Mestre formador de vários escritores e escritoras que passaram por suas oficinas literárias – como Cecita Rodrigues – Carrero considera esta sua “carta ao mundo”. Para Cristhiano Aguiar, no texto da orelha, a obra oferece uma poesia “espinhosa, desafiadora e recompensadora” com “olhar de ave faminta” na história de Solano, o protagonista que, na infância, deseja a morte da mãe, e quando a mãe morre, é abatido pela culpa.

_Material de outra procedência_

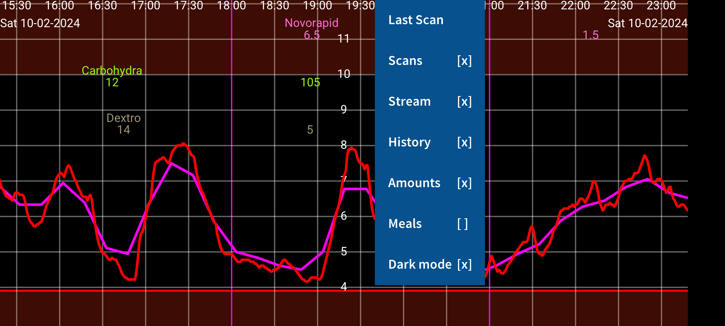 The right of the middle menu contains display options. To view the last scan, touch the first item. A cross after Scans means that scans are displayed in the graph. A scan is the current glucose value you get when you scan a Libre 0 or 2 sensor. Scanning also transfers 15 minutes measurements of the last 8 hours from sensor to smartphone. Display of these values can be controlled by touching History. Libre 3 sensors send the history values by Bluetooth and they are every 5 minutes. Stream stands for glucose values sent every minute via Bluetooth from a Freestyle Libre 2 and 3 sensors to this applet.

O título é inspirado por Ariano Suassuna, lembrado em trecho de “O santo e a porca” na epígrafe: “A vida é traição. Uma traição contínua. Traição nossa a Deus e aos seres que mais amamos. Traição dos acontecimentos a nós, dentro do absurdo de nossa condição, pois, de um ponto de vista meramente humano, a morte, por exemplo, não só não tem sentido, como retira toda e qualquer possibilidade de sentido à vida”. E também por Manuel Bandeira, do “Momento num café”, quando se lê: “Este sabia que a vida é uma agitação feroz e sem finalidade/ Que a vida é traição”.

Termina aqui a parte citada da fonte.